2013/11/18 | By Ken Liu

While struggling for orders throughout the first half of this year when its export value plunged 17.4% year on year to US$1.7 billion, Taiwan's machine-tool industry has been dealing with short-term rush orders since the third quarter.

In light of such market twist, Chief Executive Officer C.C. Wang of the Taiwan Machine Tool Foundation advises local machine-tool manufacturers to be ready to cope with unpredictable market and lead time. In addition to dramatic market changes, major challenges facing Taiwan's machine-tool makers include steadily rising die-cast prices due to higher oil and electricity prices, albeit with increasingly steady supplies of key components, the relatively strong New Taiwan dollar against the Japanese yen and South Korean won, and competition favoring South Korean makers after South Korea signed Free Trade Agreement with European Union and the United States, not to mention the Comprehensive Economic Partnership Agreement (CEPA) with India.

Citing statistics from Customs Office of the Ministry of Finance, Wang notes that Taiwan's export of cutting-type machine tools contracted 22% year on year in the first half of this year, to US$1.3 billion, while export of forming-type tools increased 7.8%.

Among the island's cutting-type machines, first-half export of electrical discharge machines (EDMs) dropped 7.8% year on year, machining centers dipped 24.4%, lathes decreased 24.6%, grinding machines plunged 38.6%, and boring machines, milling machines, drilling machines and tapping machines suffered a combined 4.7% slip.

Among Taiwan's forming-type machine tools, forging presses, and punching and shearing machines registered a combined 4.5% increase year on year in the first half of the year, while other types reported a combined 19.9% growth.

Still Biggest Market

According to Wang, China, including Hong Kong, absorbed 34.8%, or US$684 million, of Taiwan's total exports of machine tools in the first half of this year, remaining the biggest export destination for Taiwan's machine tools. Nonetheless, the imports dropped 15.3% YoY.

The United States was the No.2 export destination for Taiwan's machine tools in the first half this year, taking up 11.4%, or US$197.1 million, of the Taiwan exports, down 21% YoY, also importing 7%, or US$121 million, of Taiwan's exports, with Thailand being the No.3 market.

The Taiwan exports to Turkey, Germany, Holland, England, Indonesia, South Korea, Malaysia, Vietnam, India, and Brazil slumped 22.6%, 26.9%, 13.1%, 30.5%, 19.5%, 1.8%, 24.5%,13.7%, 22.4%, and 34.6%, respectively. Russia imported 2.2% more machine tools while Japan imported 0.4% more from Taiwan.
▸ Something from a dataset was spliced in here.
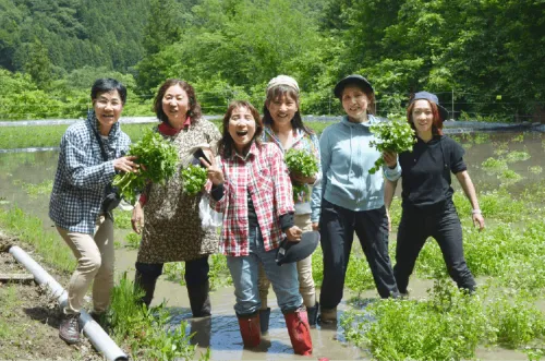 海や海産物のイメージが強い大槌町ですが、実は町の面積の9割以上が森林で、山あいの集落にはどこか懐かしい味わいのある民家や小さな田畑が並びます。そんなのどかな金澤集落の耕作放棄地を活用しクレソンを栽培しているのが「日本クレソン協会 かねざわクレソンヌ」の4人組。笑い声が絶えないパワフルな彼女たちの活動の原動力は「生まれ育った金澤のお年寄りに元気になってほしい」という強い思いです。

Taiwan's imports of the machines also declined as a whole in the first six months of this year, according to Wang. The decrease rate was 0.2% year on year, to US$336 million. Among the machines imported, cutting-type machines posted a 4% decline to US$271.9 million, whereas forming-type machines registered a 19.6% surge.

In cutting-type category, EDMs and laser-processing machines, as well as drilling machines, boring machines, and milling machines were among the import growth items, increasing 22.9% and 3.3% year on year, respectively, in the first six months this year. Lathes and grinding machines decreased 3.3% and 3.5%, respectively, in the Taiwan import.

Forging presses, as well as punching and shearing machines, both of which are forming-type machines, together increased 21.1% in the Taiwan import. Other forming-type machines together surged 11.2%.

Based on the import data, Wang points out that Taiwan's traditional industries, such as precision-components and metal-processing manufactures, have steadily increased dependence on imported machine tools while its emerging high-tech industries, including semiconductor, information technology, electronics, and optoelectronics manufactures, are seeing moderately recovering imports after sharply cutting the purchases in 2012.

Japan remained the major supplier of Taiwan's machine tools in the first half, delivering Taiwan US$168.4 million of the machines, accounting for 50.1% of the total import, with the import value down 16.4% YoY. China (including Hong Kong) was the No.2 source, exporting US$38.6 million of the machines to Taiwan, an increase of 0.7% year on year. Germany was the No. 3 source, supplying US$38.5 million of the machines to Taiwan, surging 32.1% year on year.

Wang points out that Asia, European Union, and North America, all of which are major manufacturers of machine tools, feel more uncertain about the market this year than they did last year as the European debt crisis still lingers.